III/ La phase post-opératoire

La phase post-opératoire correspond à la période qui suit la fin de l'intervention. Le patient est alors très intensément surveillé car la période de réveil est la plus critique et les complications sont plus nombreuses. Certaines sont de simples inconvénients, d’autres sont de vrais risques pouvant porter atteinte à la santé du patient. Pour surveiller et traiter ces risques au mieux, Marion est transférée en Salle de Surveillance Post-Interventionnelle.

A) Risques liés au réveil après l'anesthésie.

Tout d’abord, notre patiente va être extubée en SSPI, c'est-à-dire dans des conditions d’hygiène et de sécurité maximales.

L’extubation est une phase critique dans la prise en charge du patient, car elle présente de nombreux risques, notamment de vomissements, ou l’étouffement.

La principale condition pour extuber Marion est l’absence de curarisation résiduelle. En effet, si on extube Marion, aucun moyen technique n’assure sa respiration et elle ne peut pas respirer seule à cause de l’action des curares.

Voici une interview du Docteur Thrion permettant de comprendre ce qu’est la curarisation résiduelle et la décurarisation.

 

 

Un des risques majeurs au réveil est le risque de NVPO (Nausées et Vomissements Post Opératoire) lié à l'anesthésie.
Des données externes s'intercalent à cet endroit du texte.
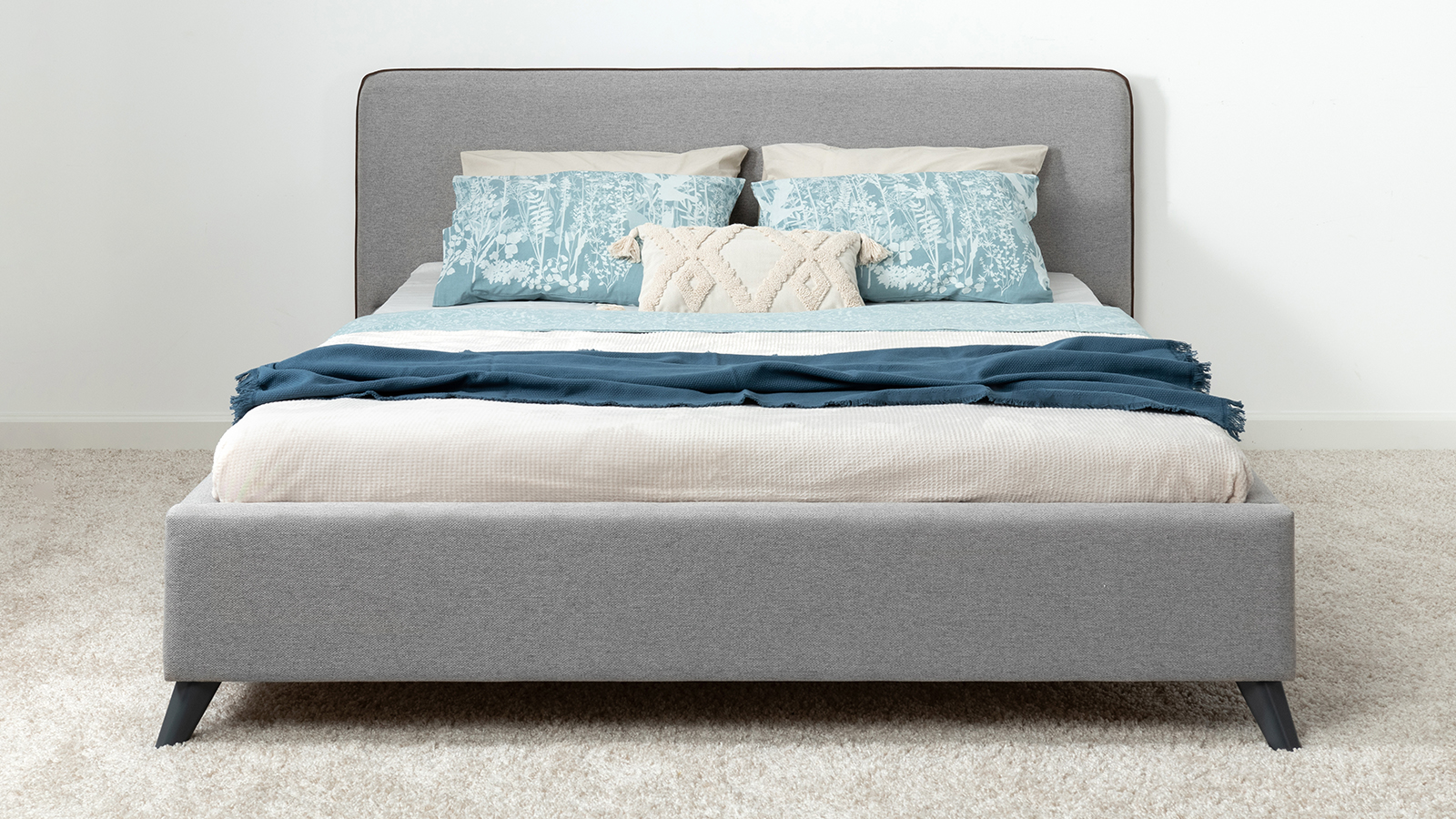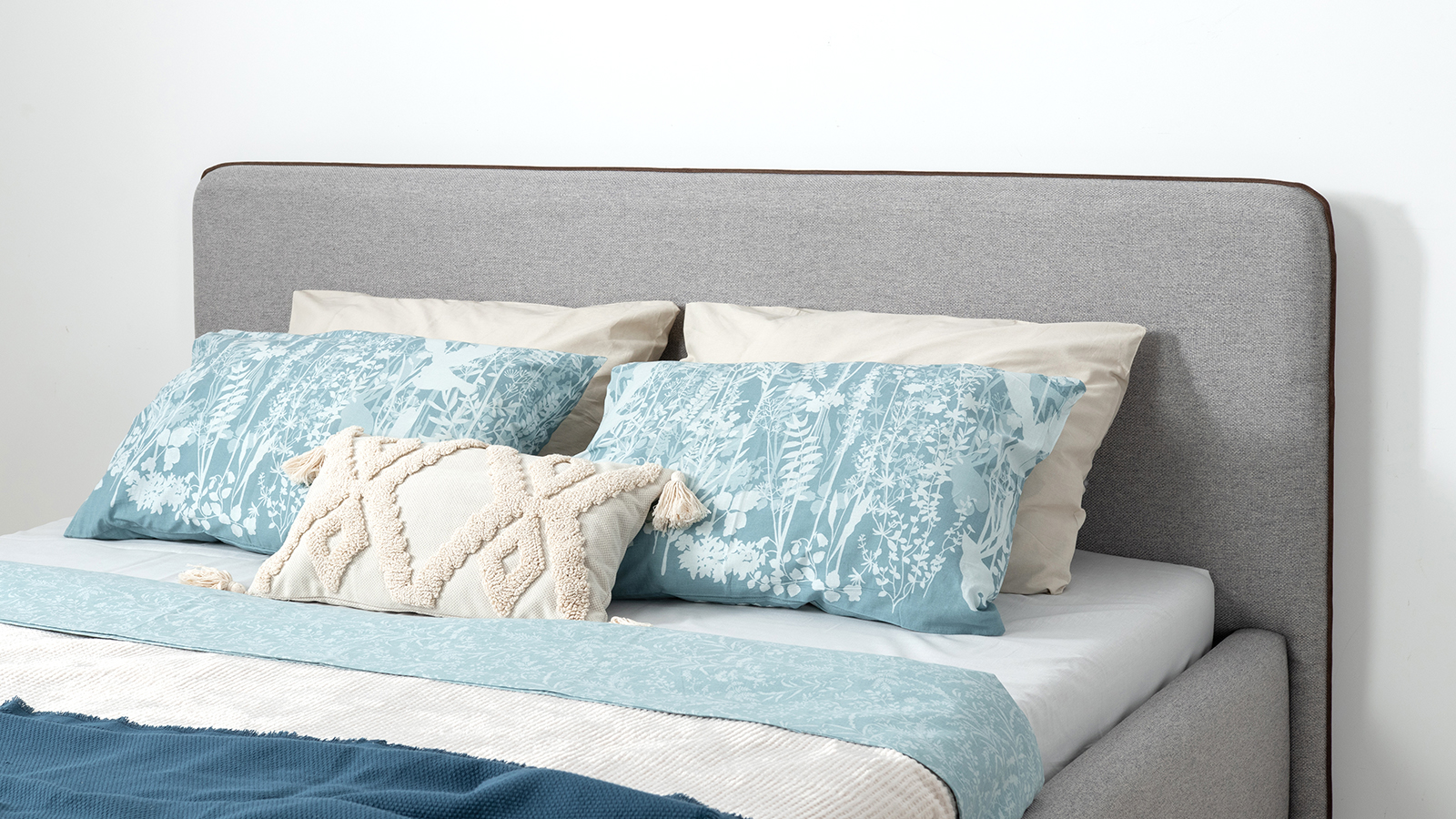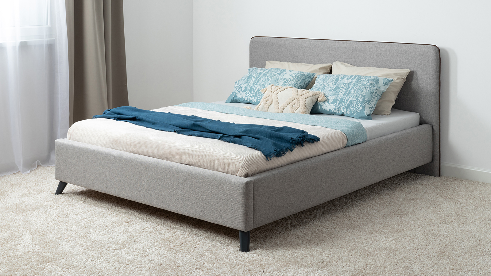 Кровать Миа 140 рогожка светло-синий, кант желтовато-коричневый с ортопедическим основанием и подъемным механизмом

Il existe d'ailleurs un test qui permet de savoir si notre patient a des prédispositions à ce risque, le test d'Apfel.

 

Critères

Nombre de points

Points de Marion

Antécédents de nausées et vomissements

post-opératoire, ou mal des transports

                       1

0

Utilisation de morphiniques en

post-opératoire

1

1

Sexe féminin

1

1

Non fumeur

1

1

Total de points de Marion

3/4

 

D’après le score obtenu par Marion, elle a environ 60 % de risques d’avoir des nausées ou des vomissements en phase post-opératoire, mais comme Marion a subi une coelioscopie, elle a en fait 100% de risques de NVPO. En effet, la coelioscopie entraîne beaucoup de NVPO. Elle recevra donc systématiquement une prévention contre les NVPO, que nous détaillerons un peu plus bas.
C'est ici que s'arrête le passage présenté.